The FDA in 2008 issued a Public Health Notification regarding “serious complications associated with trans-vaginal placement of surgical mesh in repair of pelvic organ prolapse and stress urinary incontinence.

The notice states, “The most frequent complications included erosion through vaginal epithelium, infection, pain, urinary problems, and recurrence of prolapse and/or incontinence.”

“My question was: How did this happen to 1.5 million women?” Horton asks. “All the safeguards we have in our society, and we’re supposed to have the best health care in the world and the best access to it.”

Dr. Michael Hibner, the director of the division of surgery and pelvic pain at St. Joseph’s Hospital and Medical Center in Phoenix, has been removing the mesh from women’s bodies for several years.

“I think it’s a very small percentage [of women] that have a serious reaction,” he says. “There are people who are happy with the mesh. The problem is that those who are unhappy with it are really, really unhappy with it.”

Most of the women Hibner sees have pain due to three things: pain from the mesh rubbing against or tugging at the nerves, nerve damage during implant or explant of the mesh and/or a foreign-body reaction to the mesh itself.

Hibner believes manufacturers are largely to blame for the mesh-related injuries.

Hibner says that if the procedure is done right, women shouldn’t have pain or discomfort. The problem, Hibner says, is that manufacturers are selling the device to doctors as a one-size-fits-all device, and it’s being touted as a simple, non-invasive procedure, so the doctors implanting the mesh haven’t been appropriately prepared or trained.

Dr. Greg Vigna, who spent 18 years in the medial industry but now practices law in catastrophic injury in California, is familiar with the trail of broken lives mesh-related injuries leaves behind.
As a doctor, Vigna worked with patients who suffered from pudendal neuralgia, which is chronic pain due to the pudendal nerve, which is located in the pelvis, being entrapped or compressed. Until a few years ago, this was very uncommon.

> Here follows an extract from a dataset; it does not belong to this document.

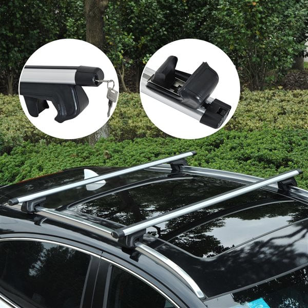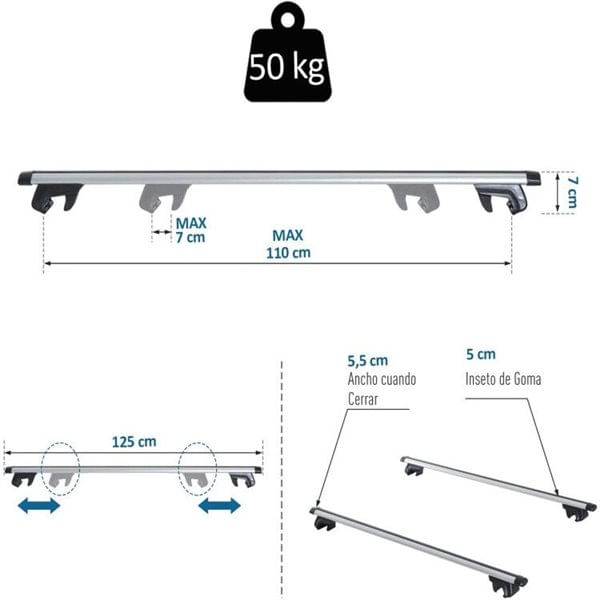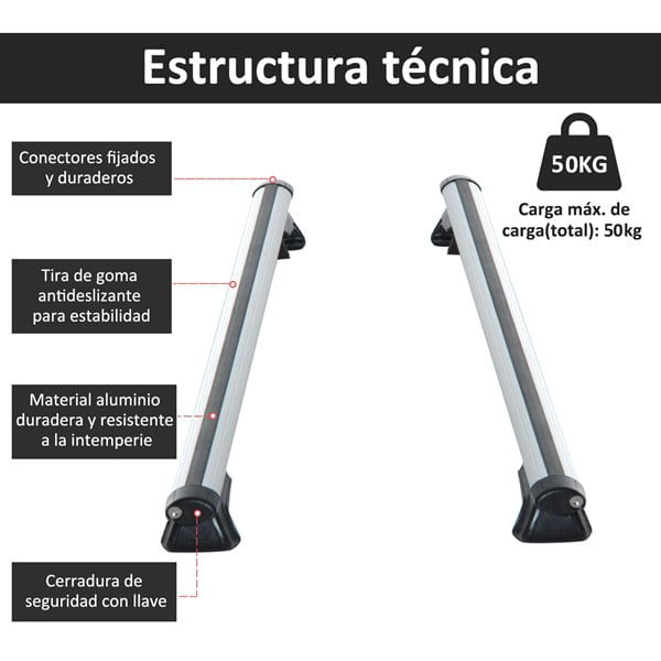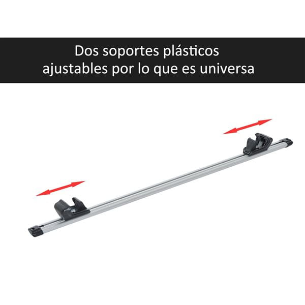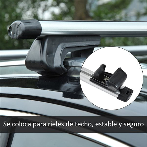 Características Apto para casi todo tipo de vehículos con rieles en el techo Hechas de aluminio de alta calidad, duradero y resistente Tamaño compacto, funcional y robusto Apto para coche con ancho menos de 110cm. Barras con dos soportes plásticos ajustables según anchura Tira de goma antideslizante en el centro para una mayor estabilidad Viene con 1 cerradura con llave en cada barra para obtener mayor protección contra robos Fácil de montar y desmontar en un par de minutos. Railing integrado. Especificaciones

“This mesh device caused a problem that used to be very rare,” he says. “It’s not rare anymore because mesh has been used so many times.”

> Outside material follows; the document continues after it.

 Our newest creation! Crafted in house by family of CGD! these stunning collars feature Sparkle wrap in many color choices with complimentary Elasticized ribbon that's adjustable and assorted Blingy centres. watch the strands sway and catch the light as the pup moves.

Most women do not have the time, resources or the physical wellness needed to go head-to-head with pharmaceutical companies, so they become “medically destitute,” Vigna says. They lose their jobs because they can’t work, they lose their husbands because they can’t have sex, and they lose their families because they’re in so much pain they can’t function normally.

“There’s failure in the medical community, there’s failure in the financial community, and there’s failure in the legal community,” Vigna insists.

At the time of publication there had been 56,999 mesh-related lawsuits filed, according to Vigna, but very few settlements have come down.

At the same time doctors like Hibner are taking the mesh out, hundreds more continue to put it in. Other doctors try to remove mesh, but very few know how to do it correctly, Vigna says.

“For years women were only getting part of the mesh taken out, and that wasn’t helping,” Vigna says. “In fact, that was just making things more complicated for future doctors.”

Most of the women Hibner sees have already had the device extracted but are still experiencing pain, usually because parts of the mesh are still inside the body, pulling at sensitive nerves. He says he believes removing the entire device, all at once, is best.

“I’ve seen women who have clearly gotten better after removing the mesh. But then, there are other ones who didn’t. So I think it depends on the patient. Some have had more injury to the nerves, and others have had less injury to the nerves, so it’s hard to tell.”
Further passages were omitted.